Quien califica de traidor a alguien está dictando una sentencia. No es necesario que se ejecute hoy o mañana, porque las sentencias de traición duran toda la vida, son perpetuas. Nadie se recupera de un insulto de traidor hasta que por razones naturales muere y deja esta vida en la que siempre será, al menos para quien emite la sentencia, un traidor. Al tratarse de un juicio político no hay piedad para el traidor, ni siquiera se admite el perdón del confesor, porque eso es algo íntimo, una supuesta relación entre la religión y Dios y su intermediario el sacerdote. Ninguno de ellos tiene nada que ver con la traición, porque el traidor ha cometido un delito político que sólo el pueblo, es decir, el miserable o el genio o el tribuno o el demagogo o el dictador de turno que asume su representación es el único que resuelve si el traidor se salva o debe pagar con el ostracismo y el desprecio. Como la virginidad, el embarazo y la muerte, la traición es una e indivisible; no existe en puridad el ser un poco traidor.

Quizá el tipo que gritó “¡Traidor!” sea el producto de una formación miserable y dogmática orientada por dirigentes ambiciosos que han sido capaces de convertir sus intereses en doctrina y hacer de su doctrina un poder, un régimen, de cuyo solo distanciamiento, aunque sea en el lenguaje, en una frase, en la coda de una canción, puede interpretarse como una traición al poder que detentan.

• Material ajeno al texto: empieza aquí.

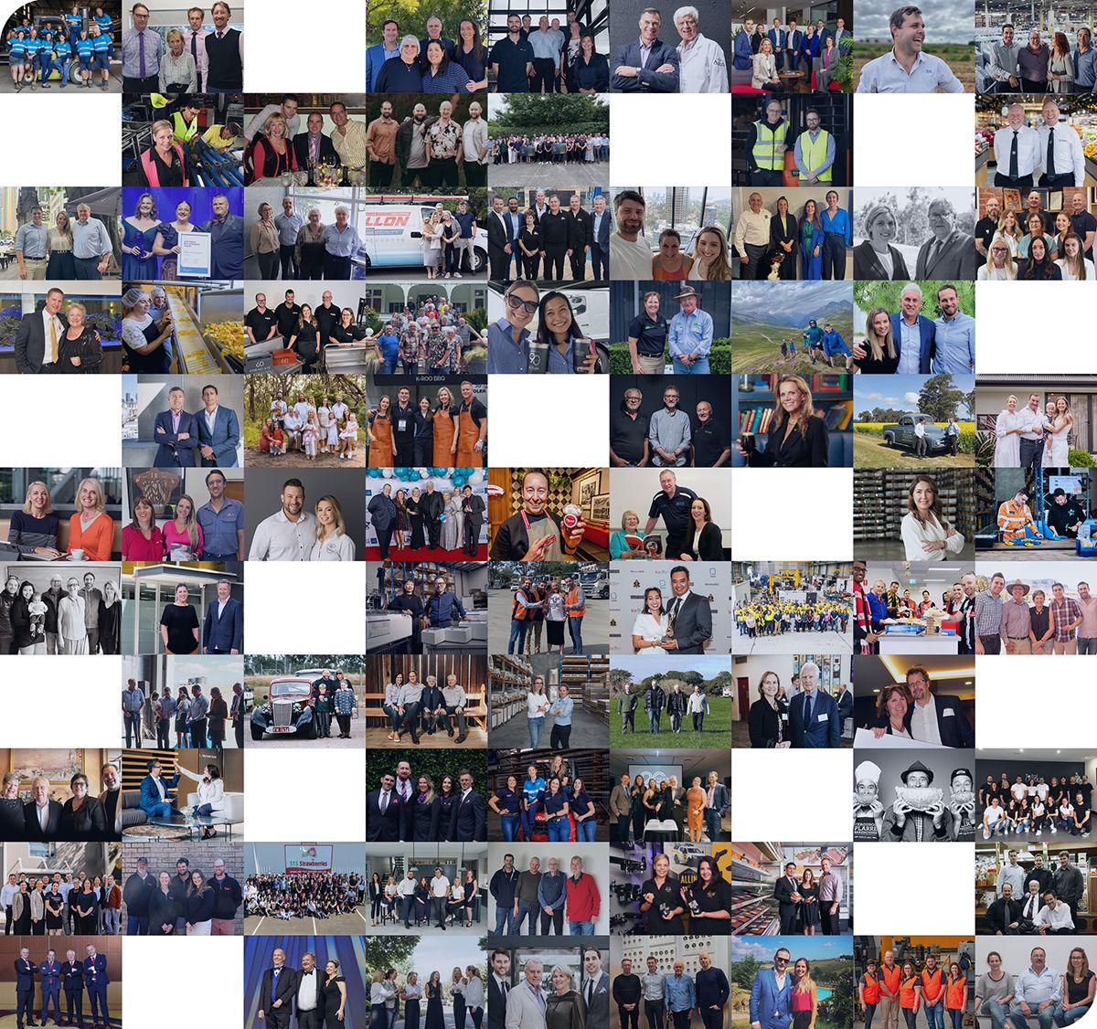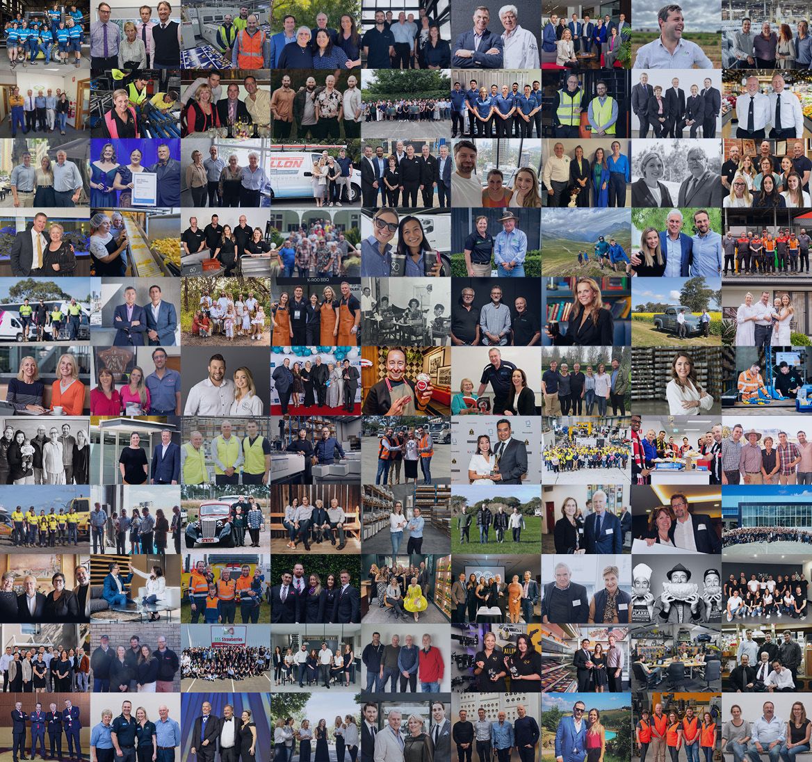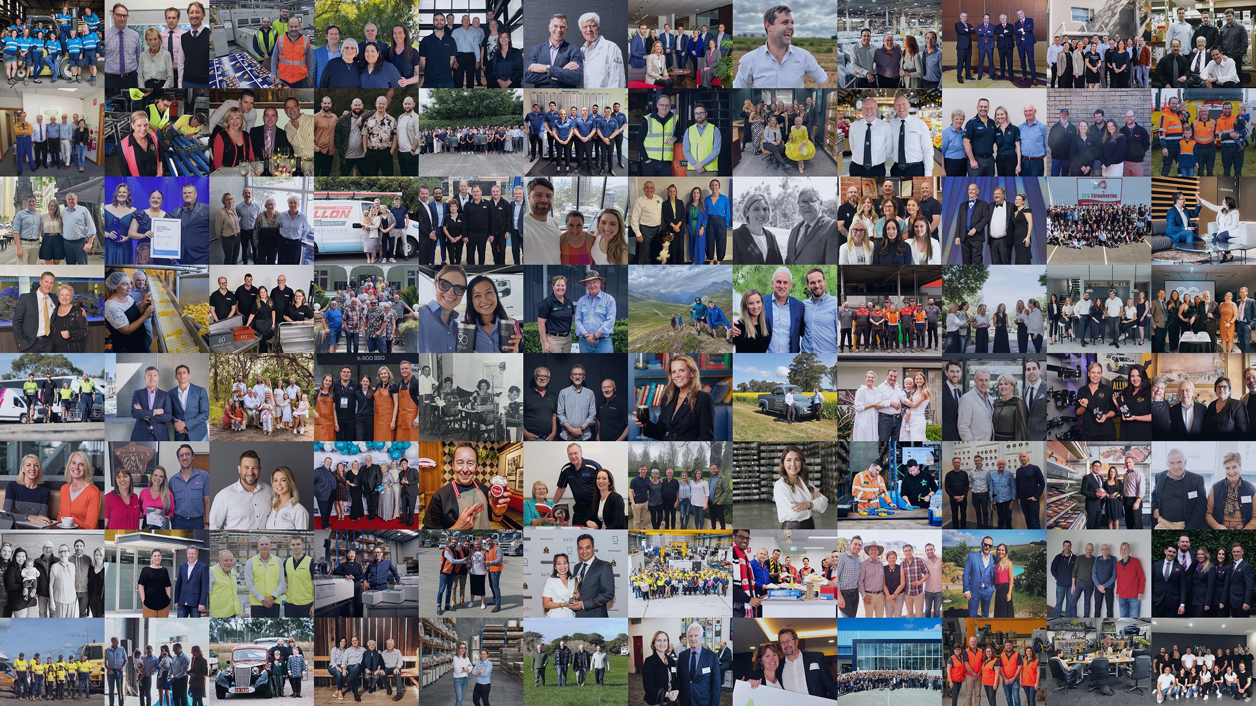 Still image featuring 96 family businesses from Australia and New Zealand of all shapes and sizes, and across all industries.

Me acuerdo de grandes gritos de traición. El falangista que abordó a Franco allá por los años 40 –¡Franco, traidor!–. Los ultras que increparon al cardenal Tarancón en el entierro de Carrero Blanco. ¡Tarancón, traidor! Luego vino lo de Fernández Miranda, ¡Torcuato, traidor! Y poco más tarde los del primer presidente de la transición: ¡Suárez, traidor! La penúltima vez que yo oí el grito de ¡traidor! fue en Gernika, justamente al lado del viejo árbol alicaído que simboliza, aseguran, las libertades vascas. Se acababa de celebrar la elección del lehendakari, Carlos Garaicoechea. A la salida de la Casa de Juntas yo iba caminando desproporcionadamente encogido junto al dirigente de Euskadiko Ezkerra, el físicamente imponente jugador de pala Mario Onaindía, que entonces aún estaba en pleno proceso de desmantelamiento de ETA político-militar. Como Euskadiko Ezkerra no había votado por el candidato del PNV, Carlos Garaicoechea, un grupo de emakumes –mujeres del nacionalismo vasco– se pusieron a aplaudir al nuevo lehendakari y hubo una, cuyo rostro no olvidaré mientras viva, que dirigiéndose a Onaindía gritó: “¡Mario, traidor!”. Y recuerdo muy bien que ese traidor pronunciado por una vasca no percute en la erre castellana sino que se alarga como un reguero: ¡Mario, traidorrrrr!

Un país donde se utilice la palabra traidor y no se escandalice nadie es que está enfermo. Da qué pensar el que refiriéndonos a las personas que en ocasiones se equivocan, dudan, se pelean, gozan, o sufren, solemos decir una vez que ha ocurrido: “Han traicionado sus sentimientos”.